Wednesday, July 26, 2023

Youth Vote Trend Should Terrify Republicans

 

Data from the Harvard Youth Poll obtained by the Washington Post's Greg Sargent should terrify MAGA Republicans as we move into the 2024 elections and beyond. Starting in the 2018 mid-term elections, the youth vote (18 - 29 year olds) came out in substantial numbers for Democrats and denied Republicans control of Congress. Likewise in 2020 and the 2022 mid-terms, the youth vote proved a powerful force for the Democrats, who echoed their views on women's reproductive rights, gun safety, climate change, and economic inequality. From Sargent's report:

"John Della Volpe, director of the poll, refers to those issues as the “big four.” They all speak to the sense of precarity that young voters feel about their physical safety, their economic future, their basic rights and even the ecological stability of the planet.

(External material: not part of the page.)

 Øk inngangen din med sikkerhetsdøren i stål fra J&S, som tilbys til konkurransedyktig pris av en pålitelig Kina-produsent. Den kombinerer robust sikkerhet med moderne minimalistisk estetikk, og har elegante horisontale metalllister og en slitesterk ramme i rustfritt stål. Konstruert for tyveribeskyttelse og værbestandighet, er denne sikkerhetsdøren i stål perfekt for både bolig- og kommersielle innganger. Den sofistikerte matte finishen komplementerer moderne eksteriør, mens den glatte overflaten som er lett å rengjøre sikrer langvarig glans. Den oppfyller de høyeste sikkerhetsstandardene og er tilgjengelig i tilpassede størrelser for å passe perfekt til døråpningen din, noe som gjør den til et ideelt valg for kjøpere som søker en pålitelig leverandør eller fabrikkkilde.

'This generation has never felt secure — personally, physically, financially,' Della Volpe told me.  [snip]

Sizable majorities now reject the idea that same-sex relationships are morally wrong (53 percent), support stricter gun laws (63 percent) and want government to provide basic necessities (62 percent).

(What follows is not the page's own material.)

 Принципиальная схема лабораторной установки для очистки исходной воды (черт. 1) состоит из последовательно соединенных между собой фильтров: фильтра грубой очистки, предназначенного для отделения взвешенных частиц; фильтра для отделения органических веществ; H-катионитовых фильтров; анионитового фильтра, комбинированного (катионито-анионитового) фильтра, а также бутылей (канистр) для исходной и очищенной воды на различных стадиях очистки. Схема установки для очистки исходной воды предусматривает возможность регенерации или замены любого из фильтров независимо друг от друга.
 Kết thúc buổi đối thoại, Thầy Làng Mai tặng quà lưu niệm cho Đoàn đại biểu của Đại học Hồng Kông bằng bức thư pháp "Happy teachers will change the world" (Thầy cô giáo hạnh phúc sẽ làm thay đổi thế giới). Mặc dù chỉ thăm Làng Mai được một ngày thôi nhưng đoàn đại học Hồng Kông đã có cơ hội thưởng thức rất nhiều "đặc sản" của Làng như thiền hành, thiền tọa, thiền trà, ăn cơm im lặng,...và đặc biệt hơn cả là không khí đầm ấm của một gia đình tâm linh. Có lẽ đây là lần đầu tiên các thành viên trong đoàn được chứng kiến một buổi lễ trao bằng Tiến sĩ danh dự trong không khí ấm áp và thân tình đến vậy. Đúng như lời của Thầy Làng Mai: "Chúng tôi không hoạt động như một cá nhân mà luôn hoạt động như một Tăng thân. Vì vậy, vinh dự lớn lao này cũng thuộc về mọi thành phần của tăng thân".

Meanwhile, support for government doing more to curb climate change soared to 57 percent in 2020 before subsiding to 50 percent this year. That small dip may reflect preoccupation with economic doldrums unleashed by covid-19. While that 50 percent could be higher, the issue has seen a 21-point shift, and the polling question asks if respondents want action on climate 'even at the expense of economic growth.'

Many of today’s 18-to-29-year-olds, who are mostly older Gen Z Americans plus the tail end of the Millennial generation, lived their formative years during the Great Recession and the election of Trump. What’s more, these new voters are politically coming of age during a remarkable confluence of events that appear to be conspiring in an improbable way to push them to the left." (our emphasis)

This explains why Republican-controlled legislatures are feverishly devising ways to suppress the youth vote, from voter ID requirements to restrictions on college students voting in their college towns. They know their only hope is to keep as much of this demographic from voting as possible, rather than moderate their radical right-wing positions on the "big four" issues. Dems need to focus on making sure those attempts fail, and that they get the youth vote out in coming elections.